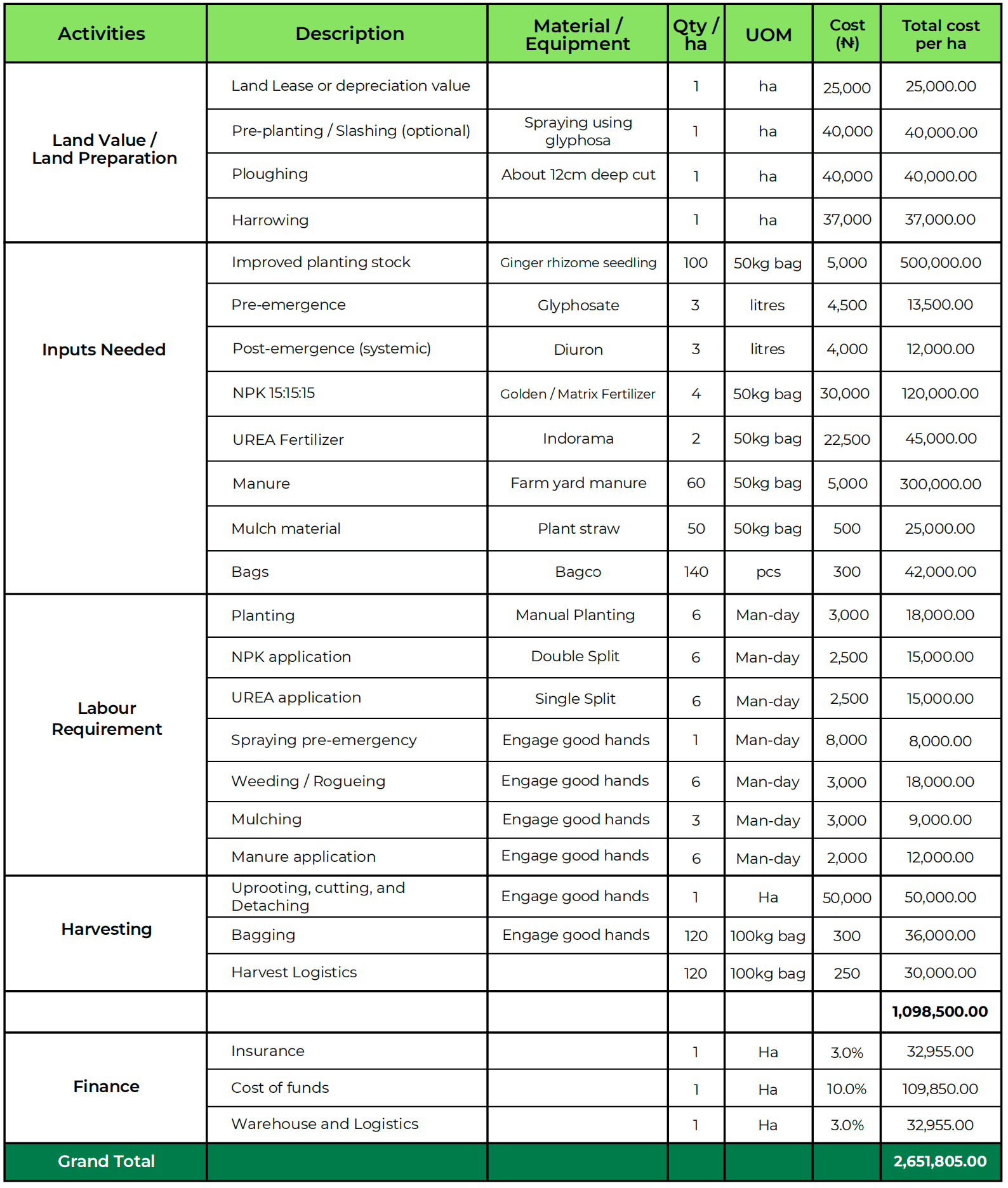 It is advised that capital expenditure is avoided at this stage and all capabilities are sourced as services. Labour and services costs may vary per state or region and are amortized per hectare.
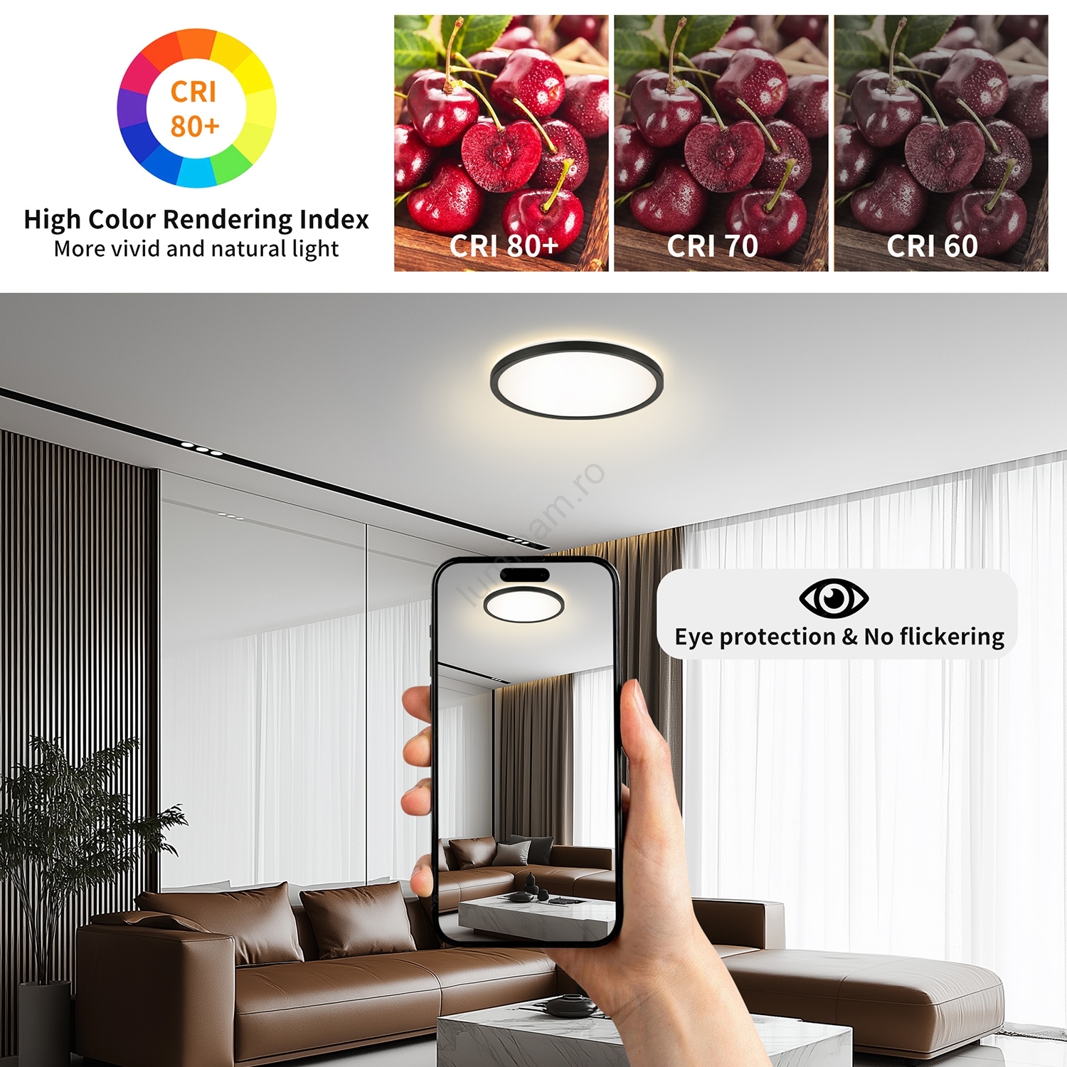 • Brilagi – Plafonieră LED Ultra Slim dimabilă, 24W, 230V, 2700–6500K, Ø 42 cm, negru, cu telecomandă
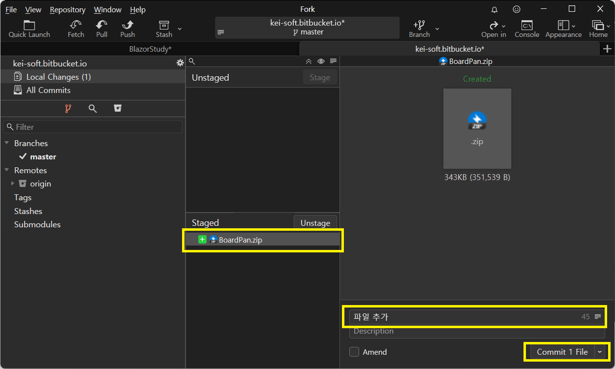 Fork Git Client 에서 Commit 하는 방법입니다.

## What is expected
Give back every line of the material exactly as written, but not the pictures.

## Written response
 It is advised that capital expenditure is avoided at this stage and all capabilities are sourced as services. Labour and services costs may vary per state or region and are amortized per hectare.
 • Brilagi – Plafonieră LED Ultra Slim dimabilă, 24W, 230V, 2700–6500K, Ø 42 cm, negru, cu telecomandă
 Fork Git Client 에서 Commit 하는 방법입니다.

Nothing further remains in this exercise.